Research for infection protection

Interview: “Pain, arthrodesis, amputation: every infection can have devastating consequences”

Dr. Andrej Trampuz, Senior Physician, Head of Infectiology and Septic Surgery, Charité Berlin, Germany
Dr. Andrej Trampuz, Senior Physician, Head of Infectiology and Septic Surgery, Charité Berlin

Three questions to Dr. Andrej Trampuz, Senior Physician, Head of Infectiology and Septic Surgery, Charité Berlin, Germany.

A high proportion of nosocomial infections are surgical site infections. Based on your experience, what are the primary risk factors?

Dr. Andrej Trampuz: Roughly every fourth nosocomial infection is a surgical site infection. The risk factors are extremely diverse here. On the one hand, it is the patient’s health condition that plays a major role: factors such as diabetes, overweight, existing infections and medication with cytostatics can promote infection. On the other hand, perioperative factors such as the length of hospital stay, antibiotic prophylaxis, anaesthesia and the postoperative wound management are relevant to the risk of infection. Here, patients have to face many pathogens, increasingly also multidrug-resistant bacteria; the risk to suffer from additional infections and other complications rises. Hence, well-founded infection control concepts are just as necessary as consistent treatment plans to improve the medical care and promote patient protection.


The implantation of a joint prosthesis is one of the most common type of surgery conducted in Germany. In your point of view, what are the greatest challenges when infections with multidrug-resistant pathogens occur?

Dr. Andrej Trampuz: Antibiotics are no miracle cure – especially when we are speaking of resistant pathogens. However, they can have a big impact with endoprosthetic infections and biofilm – if they are used rationally and in a targeted manner and are combined with the right surgical technique. Multi-resistant pathogens are particularly problematic here. More than two thirds of the infections are caused by staphylococci. Although the MRSA rates slightly decline in Germany, therapy options are greatly limited in case of an infection with the multidrug-resistant bacteria, especially with implants. It is therefore all the more important to exactly identify the pathogen and susceptibility with the help of improved diagnostic tests. Only then we can attune the antibiotic therapy to the individual patient. Such a rational antimicrobial use also prevents new antibiotic resistances in the long run.


What concrete consequences for the patients can infections have?

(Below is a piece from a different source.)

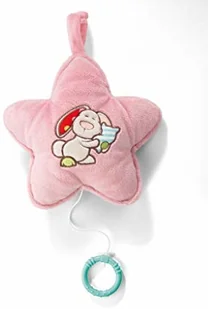 od 0 miesięcy Pozytywka gwiazdka z królikiem Tilli Ta pozytywka wykonana z wysokiej jakości pluszu NICI delikatnie ukołysze dzieci do krainy snów. Gwiazdka w różowym kolorze ma z przodu króliczka Tilli. Tilli ułożył się wygodnie na poduszce na drzemkę. Po pociągnięciu za sznurek, na końcu którego znajduje się praktyczny gryzak, pozytywka odtwarza kołysankę Brahma (Guten Abend, gut Nacht).

Dr. Andrej Trampuz: Every infection may involve disastrous consequences for the patient – especially when they are not recognised. Instead of helping the patient gain new freedom of movement and quality of life, pathogens that for example spread in an artificial joint and colonise the implant as biofilm can cause long-term damage: sometimes it is indicated to conduct an arthrodesis or even an amputation. These are drastic measures.

One of my patients, in her mid-thirties and police officer, was already prepared for losing a leg. After several accidents, she needed parts of her knee replaced and after the surgeries, she complained about chronic pain. The attending physicians were at a loss – even recommended to have the leg amputated. A final step that would have entailed massive limitations with regards to freedom and quality of life. A new treatment concept, which I had developed in Switzerland and use in case of septic endoprosthetic complications, was able to help the patient. This concept is based on the targeted identification of the involved pathogen and a targeted antibiotic therapy to effectively combat the infection. For this, the endoprosthesis is removed and sonicated to release the biofilm. The biofilm is then analysed immediately to identify the bacteria and possible resistances. New, very sensitive molecular methods can detect the genetic material of bacteria. This way, we can use antibiotics intelligently after the endoprosthesis has been implanted again. In case of the police officer, we identified an MRSA infection which we fortunately could treat in time. So, we saved the leg and put an end to the chronic pain of the young woman.


Source
“The operation was successful, but the patient was infected. Antibiotic resistances from the patient’s point of view.” Speech by Dr. Andrej Trampuz, Senior Physician, Head of Infectiology and Septic Surgery, Charité Berlin, Lunchtime Symposium: “Pathogens resistant to antibiotics: new hygiene strategies along the patient journey”, 17 November 2016, Berlin, arranged by the BODE SCIENCE CENTER, Hamburg, scientific centre of excellence of PAUL HARTMANN AG, Heidenheim.